Tout d’abord, il trouva que Jeanne était un joli prénom. Puis, après s’être fait cette réflexion, il répondit :

— Je m’appelle Antoine.

Son prénom semblait lui évoquer quelque chose. Avant de lui dire quoi que ce soit, Jeanne plongea un moment dans sa mémoire.

— Que cherches-tu dans ta mémoire, exactement ? demanda Antoine.

Jeanne revint au moment présent.

— Rien de spécial. Tu m’as rappelé un jeune auteur de poésie que j’ai lu il y a quelques mois. Ses écrits m’ont énormément touchée. Ils étaient signés par un certain Antoine également.

Antoine ouvrit de grands yeux, stupéfait.

— Pourquoi fais-tu cette tête ? demanda Jeanne.

— C’est bien moi qui ai écrit ces poèmes.

Jeanne haussa les sourcils et exprima toute sa stupéfaction.

— Tu rigoles ? Tes poèmes m’ont fait pleurer comme une madeleine. Celui où tu parles d’une rupture m’a tellement touchée, c’est comme s’il était tiré de ta propre histoire.

Antoine détourna le regard. Si les chances de rencontrer une lectrice de son recueil de poèmes publiés dans un avion pour New York étaient aussi faibles que nulles, évoquer la raison qui le conduisait là où il était actuellement à Jeanne ne faisait aucunement partie de ses envies. Jeanne avait dû comprendre qu’elle venait de toucher un point très sensible et décida de s’abstenir de toute question. Le car, qui avait démarré depuis près de dix minutes, roulait sur le périphérique. Au-dessus des panneaux étaient indiquées diverses directions comme Atlanta, Boston, et bien sûr, New York. Antoine observait le paysage par la fenêtre : des hôtels, des panneaux publicitaires, rien de très inhabituel pour le moment. Jeanne ne regardait pas le paysage, sans doute parce qu’elle le connaissait déjà, mais il était pris d’un élan d’enthousiasme. Il était impatient de découvrir la ville.

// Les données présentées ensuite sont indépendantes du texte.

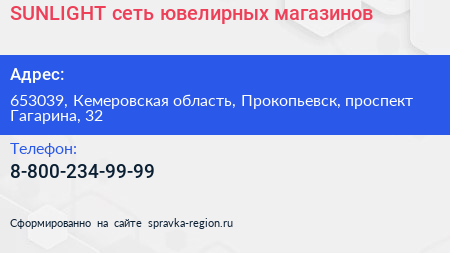 SUNLIGHT, сеть ювелирных магазинов по адресу 653039, Кемеровская область, Прокопьевск, проспект Гагарина, 32 в дальнейшем Организация, размещена в следующих категориях:
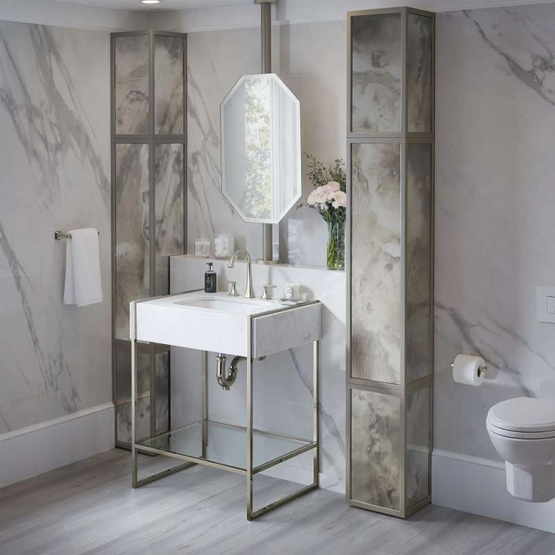 The Belshire Cross Faucet Handles from DXV complement the Belshire Faucet Collection, reflecting the same meticulous attention to every detail. Rich in character and substance, these distinctive handles are defined by precise faceted edges, reminiscent of the Art Deco period. Make a distinctly personal statement by pairing these beautiful handles with a favorite Belshire Faucet. Available in four beautiful finishes. Faucets sold separately.
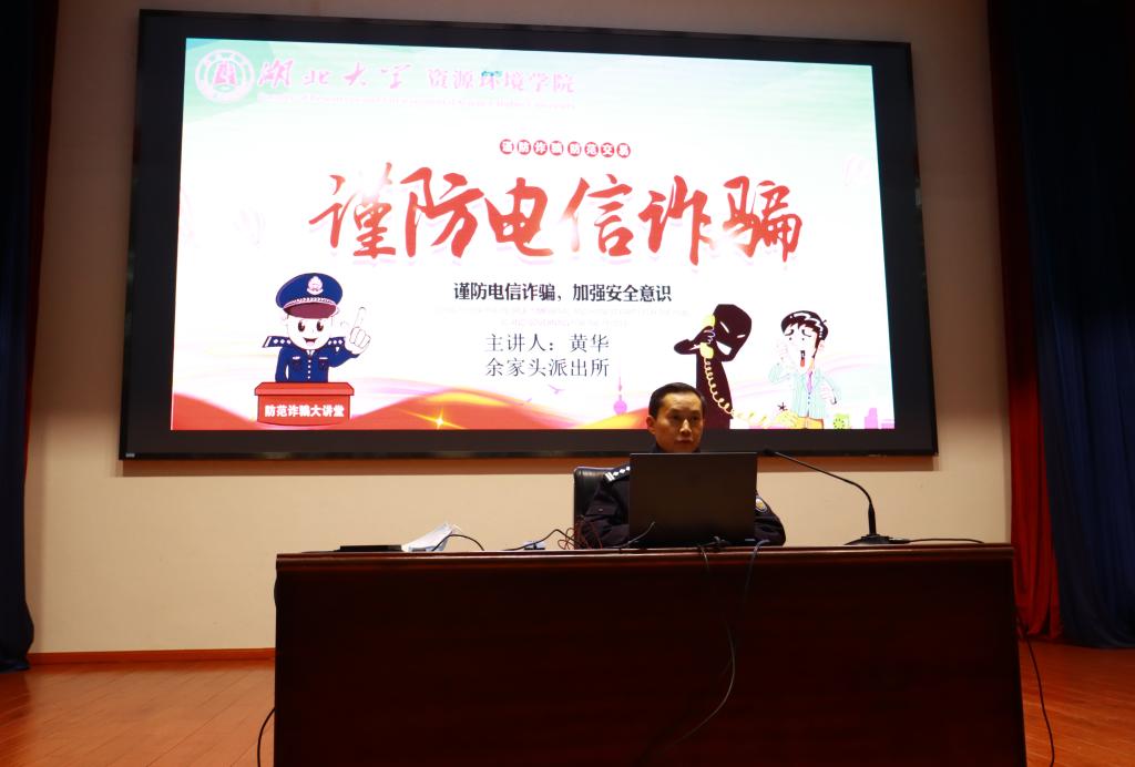 为了进一步提高广大师生防诈骗意识,增强对电信网络诈骗犯罪的辨别能力和应对能力,有效遏制电信网络诈骗案件多发态势,构建安全文明、稳定和谐的校园环境,2023年12月19日晚,皇冠集团网站邀请余家头派出所黄华警官为皇冠集团网站硕博研究生作防诈骗及毒品预防专题讲座,本次讲座皇冠集团网站全体员工参加。
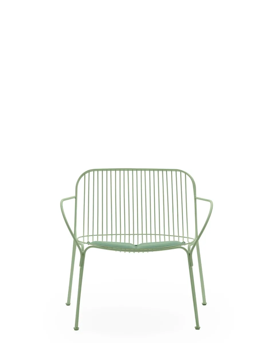 HIRAY gioca con il metallo, tra i materiali piùimportanti nella ridefinizione green del catalogo Kartell, lavorandolo con la tecnica del filo saldato. Il risultato è un segno essenziale e funzionalista e allo stesso tempo intriso di emozione. I fili di metallo disegnano pezzi dalla struttura ben definita ma leggera: sedia, sedia con braccioli, tavolino bistrot, poltrona, divano e side table. I colori della collezione sono bianco, bordeaux, nero e verde.
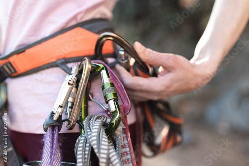 Carabiners and quickdraws on the climber's harness
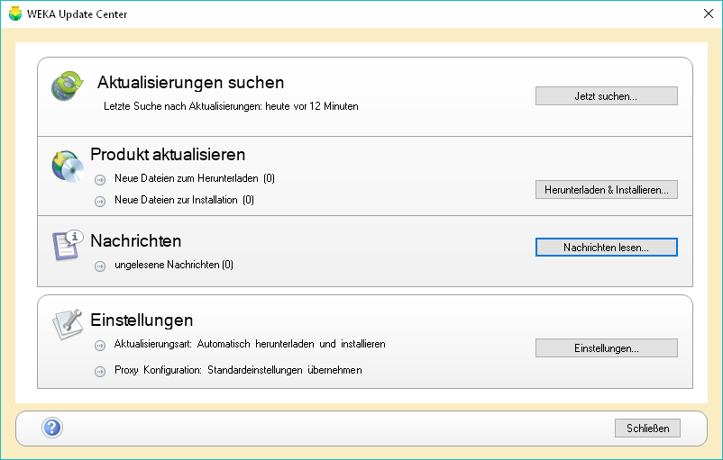 Das WEKA Update Center ist ein Dienst, der folgende Aktionen ermöglicht:
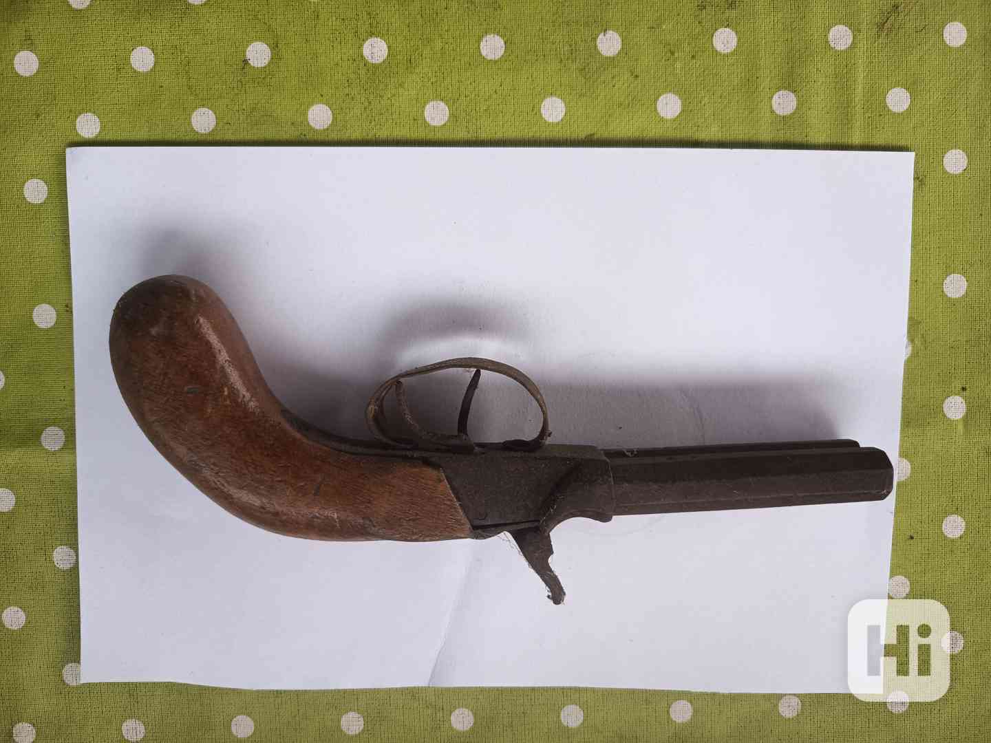 Nabízím k prodeji dvouhlavňovou perkusní pistoli. Jeden úderník je zlomený.
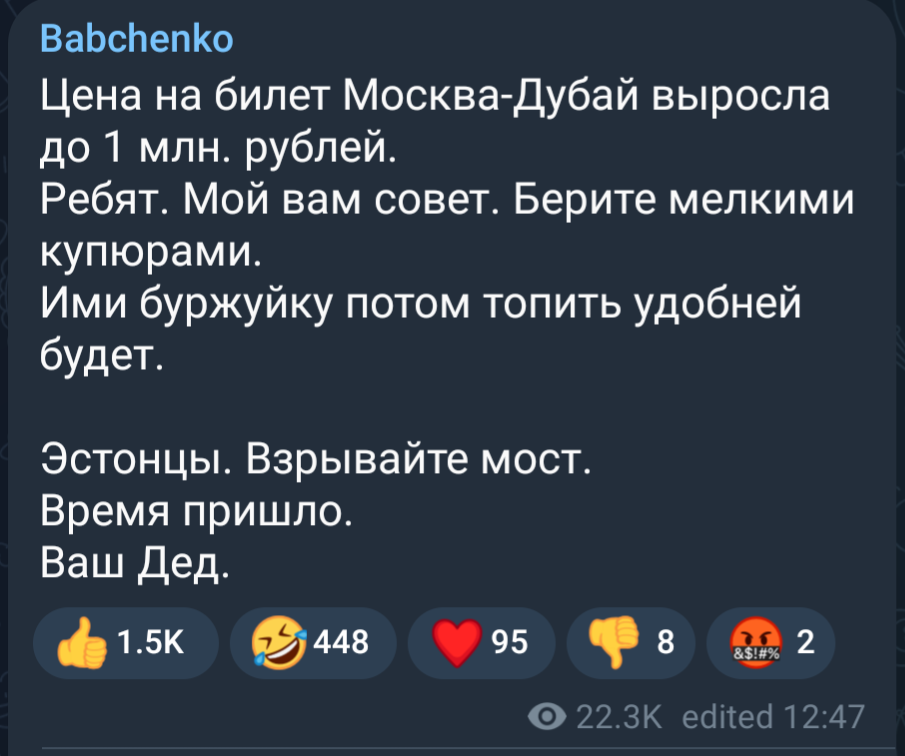 Может, там, в Кремле, всерьез опасаются (и имеют основания для этого), что если они мобилизацию не проведут, то в случае следующего прорыва ВСУ путь на Москву только ДПС прикрывать будет. На Ютуб, к слову, есть замечательное видео о том, как отряд Басаева однажды, в разгар чеченских войн, просто по автотрассам в полном вооружении почти до российской столицы добрался – чисто за взятки.
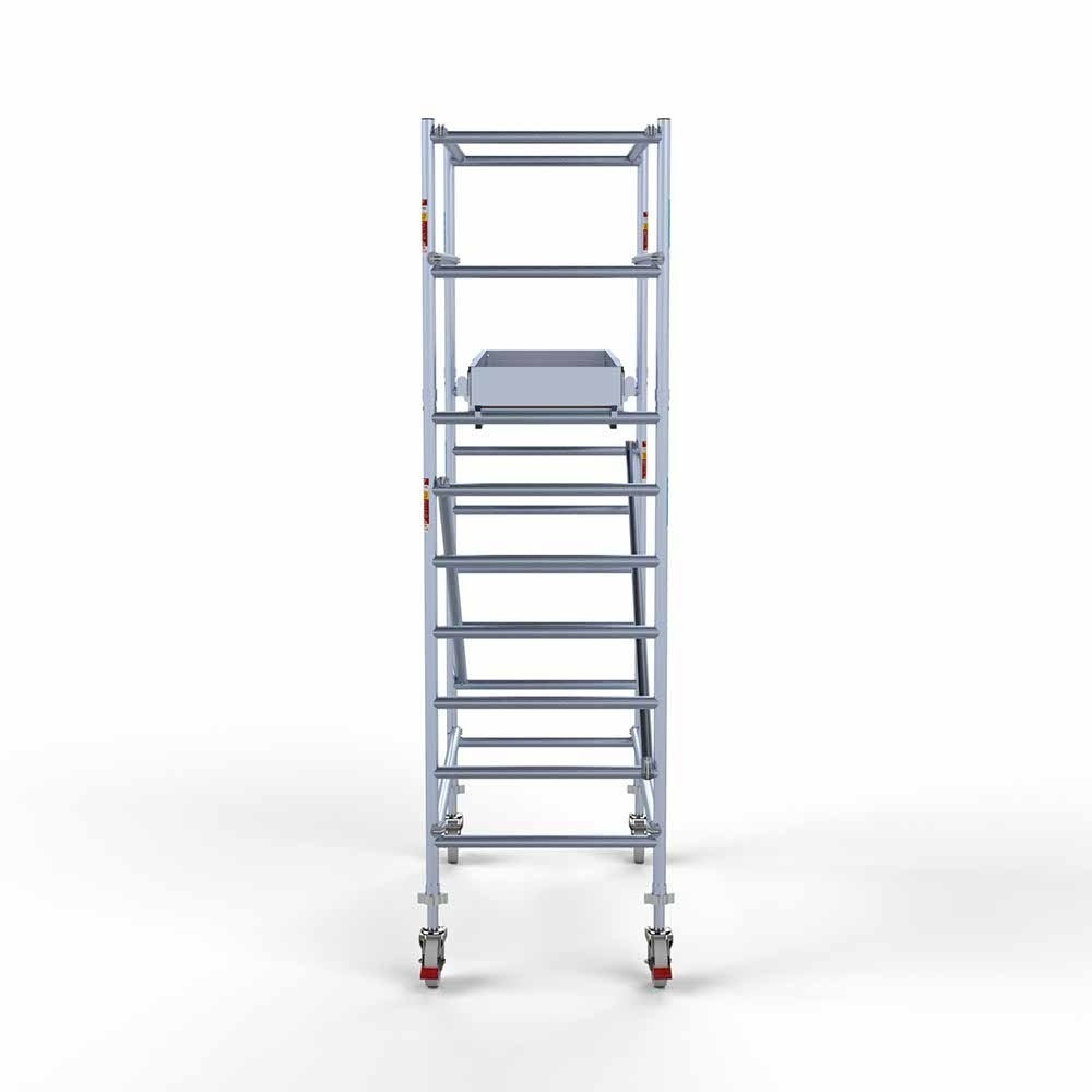 Deze rolsteiger heeft een steigerbreedte van 90, wat voor stabiliteit en stevigheid zorgt. De platformlengte is 190, wat voldoende werkruimte biedt. De werkhoogte van de rolsteiger is 4,2, waardoor je veilig op de gewenste hoogte kunt werken.

C’est alors qu’au loin, il la vit pour la toute première fois : des buildings, tous plus grands les uns que les autres, illuminés dans une belle nuit d’été. Le car prit un tunnel pendant quelques instants. À la sortie, Antoine dut lever la tête pour voir le sommet des gratte-ciel. Ils passèrent devant un panneau où était écrit « Welcome to New York City ».

— Alors, qu’en dis-tu ? demanda Jeanne avec un sourire.

— Ça m’a fait la même chose quand je suis venue pour la première fois il y a cinq ans. Ça fait toujours un certain effet d’ailleurs.

Le car se stoppa. Antoine se précipita pour descendre, bousculant quelques personnes. Ce qui se présenta devant lui lui donna l’impression d’avoir pénétré dans un univers parallèle. Tous ses problèmes faisaient partie d’une autre dimension. Les lumières provenant des nombreux buildings rendaient sa visibilité difficile. Antoine fit trois fois le tour sur lui-même pour admirer toute la grandeur du lieu où il se trouvait. Il était subjugué par tant d’immensité. Un sentiment d’égarement, d’infériorité, commença alors à le remplir.